Friday, November 18, 2016

Have to decide...

Well a recent article by David Roche has got me thinking especially as my will and work have sent me into a bit of a spiral of not getting in enough miles to even run a 5k.


This as you can imagine is more than a little humbling.  I know I am not a spring chicken (apparent by the fact I even use that saying), but now we are just talking will power.  Something I have been dreadfully lacking (see last couple of races for examples.)  

I have decided I need to push harder at work and at play.  I can't let the family down either so this has to be a balance.  I feel like I work best when I have a plan.  Right now it is to stay fit, not gain too much weight over the holiday (failing).  I have put in for two lotteries at the moment, Western States and Hardrock I have somewhere between a slim and none chance to get in, but I don't want to make plans without knowing.  

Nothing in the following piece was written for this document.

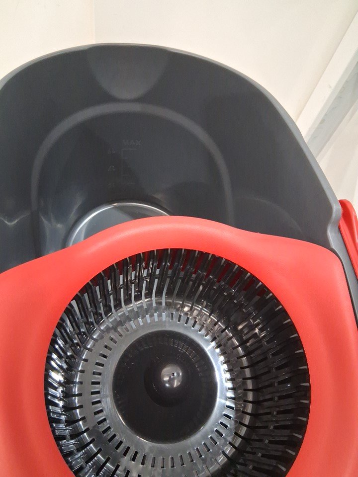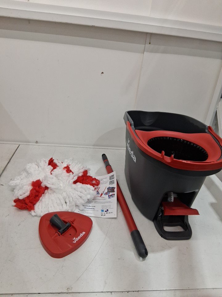 VILEDA EASYWRING POWER SPIN BUCKET SYSTEM WITH EXTENDABLE POLE and 2 mop heads- 22" - 48" - GREY/RED - (MODEL: 172880)

Getting into either of those would need to be a complete game change (but shouldn't I be treating anything like that?)  My family would hate me, because now the chances of getting into them are getting slimmer and slimmer so I don't know how many times I would have a chance to do them.

I am thinking if I don't get into either that I will sign up for the Bear again.  I was thinking that I would do Pine to Palm, but that isn't a HR qualifier anymore.  And while I know that HR is over my paygrade, I feel like I want to try it so I will keep my qualifiers current.

So what is the meaning of all of this.  I am just sad and slow but I need to be ok and not ok with that all at the same time.